Yes but what would be a reasonable basis? From experience I cannot think of any.
I am a CO for Department of State doing overseas construction. My office is located overseas. We have a DOSAR waiver from FEDBIZOPPs for under $5M. However, we are expected to use full and open on all construction not restricted by law or treaty (I haven't seen one yet). We use our own web site for advertising and expect the Post Facility managers to do market research and provide suggested firms for us to mail solicitations. On any given project we will have local companies, companies from neighboring countries and U.S. firms all competing even down to projects as small as $300K. We do not get involved in permits and licensing issues. The solication says the offeror must have permission to work in the country by the time of award. If he can't produce the proof that is his problem and we go to the next best offer (and yes that comes up often and we even had to T4D one mistake we made). We have the post discuss the permitting at the site visit/prepropsal conferences so they are all on notice.
If we do any restrictions it must be supported by J&A IAW FAR part 6. Some of our Bureaus have authority from Congress to restrict for polictical and other considerations. This is also supported by documentation on a case by case basis.
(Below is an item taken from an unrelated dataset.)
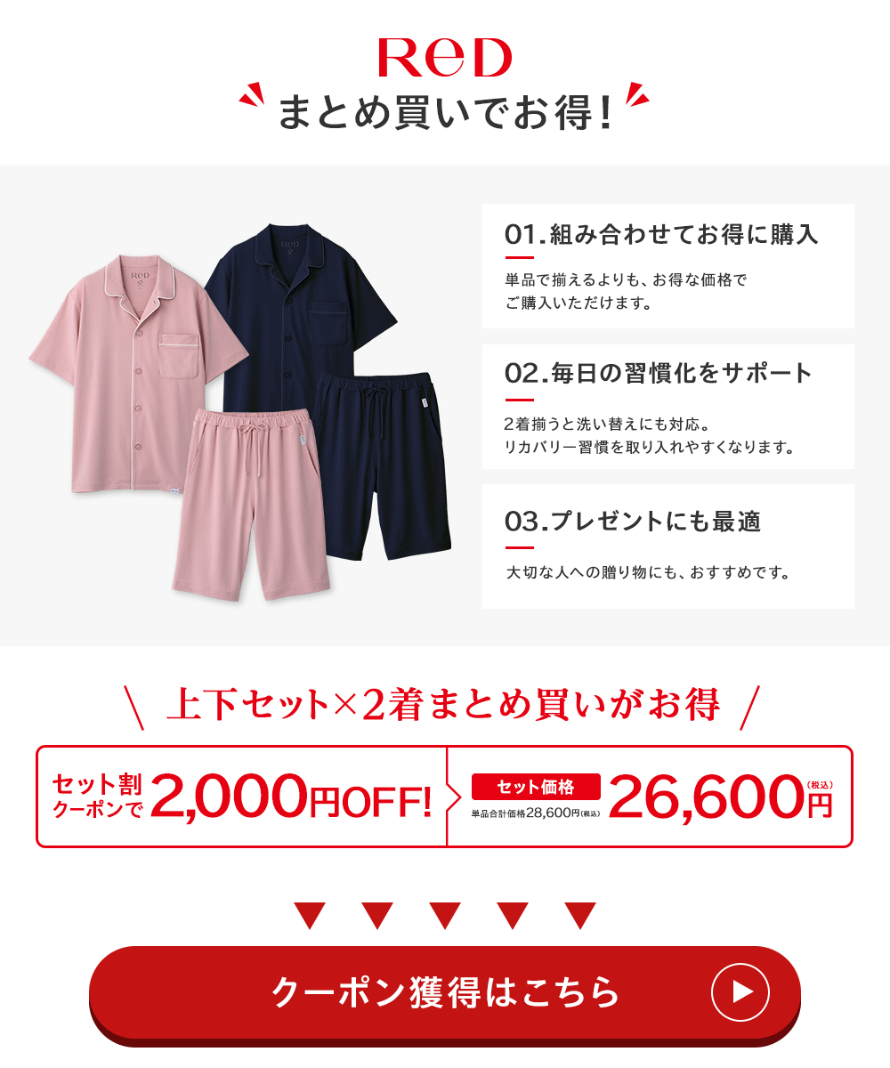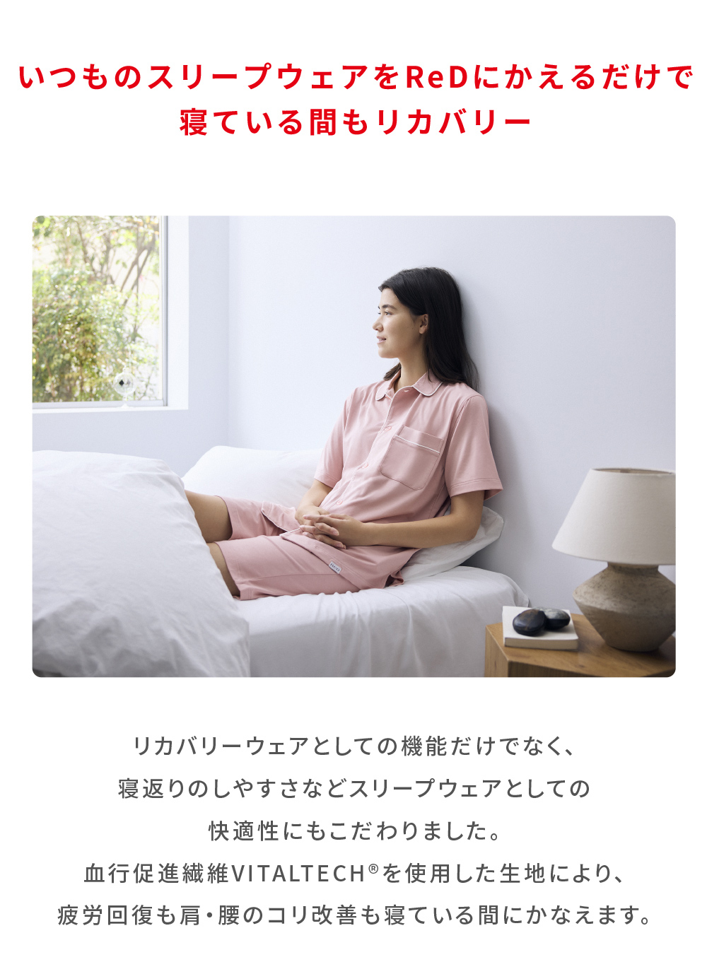 期間限定P5%●リカバリーウェア ReD レッド公式 パジャマ トップス 半袖 上下セット 疲労回復 ルームウェア ユニセックス 男女兼用プレゼント ギフト

This authority is used infrequently, is used for good reasons and is not abused in my opinion.
So, I do not think there is a blanket authority to limit competition to local companies but should be supported by J&A on a case by case basis.
P.S. It appears our webite is becoming so well known by U.S. companies that we might as well advertise on FEDBIZOPPs. Being overseas we do not have to consider small business and get no credit if we did so the competition is truely full and open and the firms as well as our customers really like that.